A group of professors at UCLA, including a former colleague of mine, Dr. Laszlo Boros, report their work demonstrating that carbohydrate metabolism via glycolysis and the tricarboxylic acid cycle is pivotal for cancer growth, and increased refined carbohydrate consumption adversely affects cancer survival. As the authors state, traditionally, glucose and fructose have been considered as interchangeable sugars that are similarly metabolized, and most studies have focused on one sugar, namely glucose. 

However, fructose intake has increased dramatically in recent decades, especially as sourced from corn to make high-fructose corn syrup. Cellular uptake of glucose and fructose uses distinct transporters, or different methods for incorporation into cells. In the study spearheaded by lead author, Professor Anthony Heany, the authors report that fructose provides an alternative energy source to induce pancreatic cancer cell proliferation. 

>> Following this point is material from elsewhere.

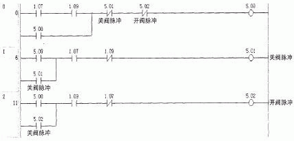 當(dāng)閥門先離開A傳感器,后離開B傳感器時(shí),表示閥門在關(guān)閥。當(dāng)閥門先離開B傳感器,后離開A傳感器時(shí),表示閥門在開閥。傳感器接收到的是一個脈沖信號,通過位置傳感器的采集信號來記下閥門的開關(guān)狀態(tài)。記錄開閥和關(guān)閥脈沖的本分梯形圖如圖3所示。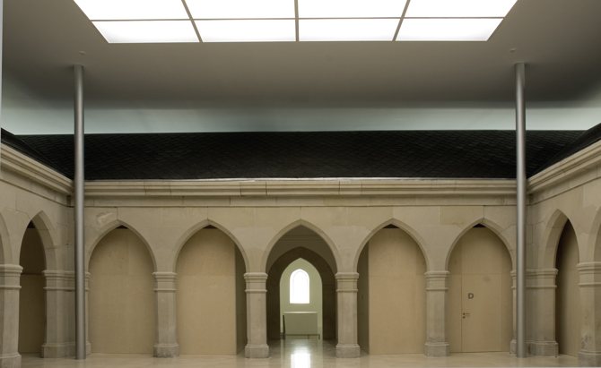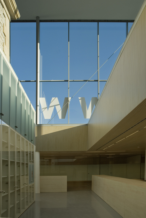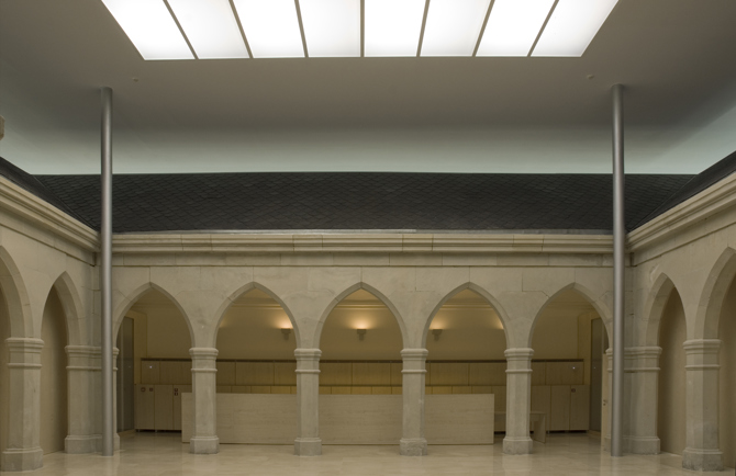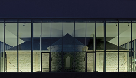 La idea principal es preservar el antiguo edificio dentro de una construcción acristalada que permita a su vez la aportación de luz natural al sótano. Para ello se vacía un anillo perimetral al cementerio y a partir de esta grieta se proyecta la fachada acristalada del nuevo edificio. El sótano se desarrolla a modo de anillo externo en torno al cementerio y se disponen los diferentes almacenes y salas de trabajo. La propuesta contempla la convivencia de ambos edificios. La iluminación nocturna permitirá la comprensión total de la propuesta, al manifestarse la antigua edificación envuelta en la piel acristalada.

Importantly, the authors show that fructose and glucose metabolism are very different; in comparison with glucose, fructose induces thiamine-dependent transketolase flux and is preferentially metabolized via the nonoxidative pentose phosphate pathway to synthesize nucleic acids and increase uric acid production.

These findings show that cancer cells can readily metabolize fructose to increase proliferation. The data suggest that cancer patients reduce dietary refined fructose consumption, and indicate that efforts to reduce refined fructose intake or inhibit fructose-mediated actions may disrupt cancer growth. Cancer Res; 70(15); 6368–76. ©2010 AACR.